100 Years Ago in the forward

Last week, some of the greatest Yiddish writers and cultural figures gathered in Tshernovitz, Bukovina, for the first-ever Yiddish language conference. To be honest, it didn’t seem like something that would ever come to fruition. In fact, the American Yiddish press was mostly indifferent to the conference and essentially ignored it. It’s true that the Yiddish press here in America, even the socialist press, treats Yiddish poorly. Everyone writes with a different style and different spelling, and there’s a tendency to throw in English words even when there’s no need to. Here in America, writers never cared about their Yiddish, they just wrote. But from day one in Russia, Der Fraynd, the first Yiddish daily there, paid attention to the quality of its writing and to the Yiddish language. The Bund’s newspaper has also helped Yiddish grow. Perhaps a similar attitude will take root here. Let us hope that this first Yiddish conference will be a success.


75 Years Ago in the forward

Jewish youth in Germany now aren’t allowed to have romantic relationships with non-Jews. But when a Jewish teen by the name of Walter Liebling fell in love with a Christian girl, the girl’s mother knew about their relationship and did not attempt to prevent it.
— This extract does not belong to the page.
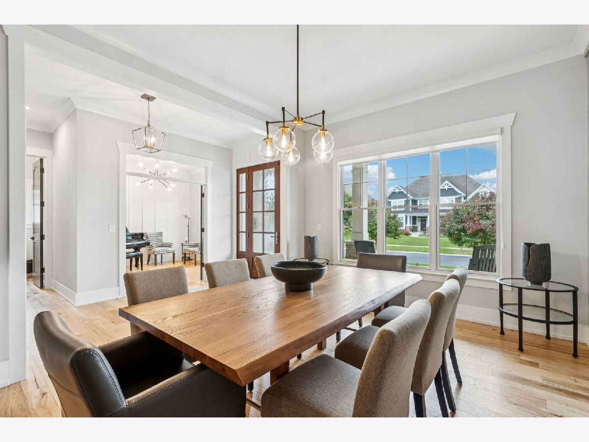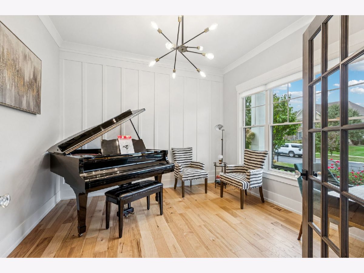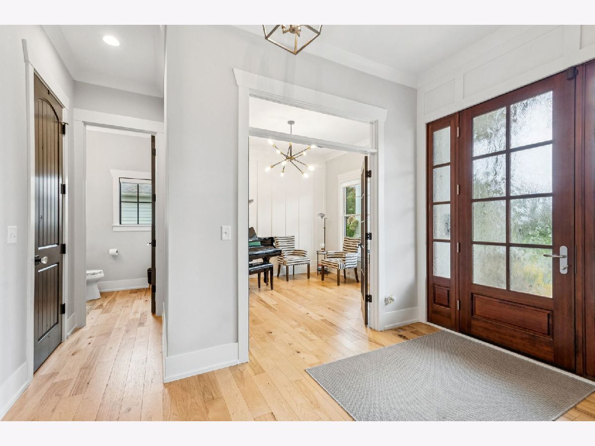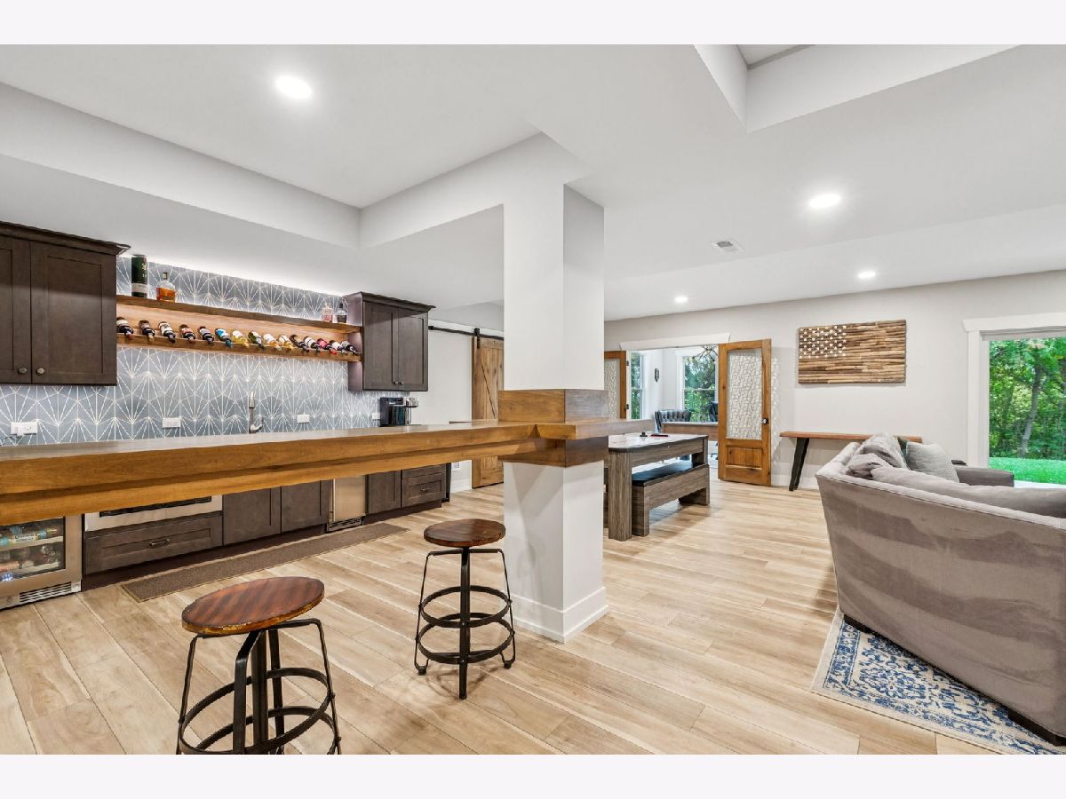 Better-than-new DeMarcco-built modern farmhouse located in the sought-after Highland Woods community of Elgin, Illinois. Built in 2020 with timeless craftsmanship and a fresh, modern design. The main level features beamed ceilings, rich hardwood flooring, and an open layout ideal for entertaining and everyday living. The chef's dream kitchen is appointed with top-of-the-line appliances, custom cabinetry, and a spacious island that connects seamlessly to the dining and great room. A bright sunroom captures backyard views, while a private den provides the perfect home office space. Upstairs, the primary suite impresses with an amazing spa-style bathroom and generous walk-in closets. The walk-out lower level, finished in 2021, offers a large family/rec room with fireplace, wet bar, full bath, bedroom, and private office-ideal for guests or extended living. Energy-efficient Pella windows fill the home with natural light, showcasing every thoughtful detail. Residents of Highland Woods enjoy access to a pool, clubhouse, fitness center, parks, and walking trails, all within the highly regarded District 301 schools. A rare opportunity to own a home that perfectly blends modern comfort, luxury finishes, and community living.

She also apparently liked Liebling and actively promoted the interfaith relationship. Upon hearing about this, a group of local Nazi officials paraded Liebling, his girlfriend and her mother around the streets of the city in order to try to embarrass them. For her part, the girl said that the government has no right to interfere in the private lives of its citizens. The Nazi government, however, apparently thinks otherwise: Seven Jewish young men in Worms who were discovered to have non-Jewish girlfriends were sentenced to undetermined terms in a nearby concentration camp.


50 Years Ago in the forward

In a speech before hundreds of Jewish leaders from around the world, Israeli Prime Minister David Ben-Gurion said that peace with the country’s neighbors is no closer than it was 10 years ago, when the state was founded, and that the countries that surround the Jewish state would like nothing more than to push it into the sea. Ben-Gurion added, however, that not all the residents of the Middle East are Arabs, an important fact. He also said that it would not be long before Israel would establish warm relations with the non-Arab states in the region — states that are, he said, actually more powerful and influential than the Arab countries.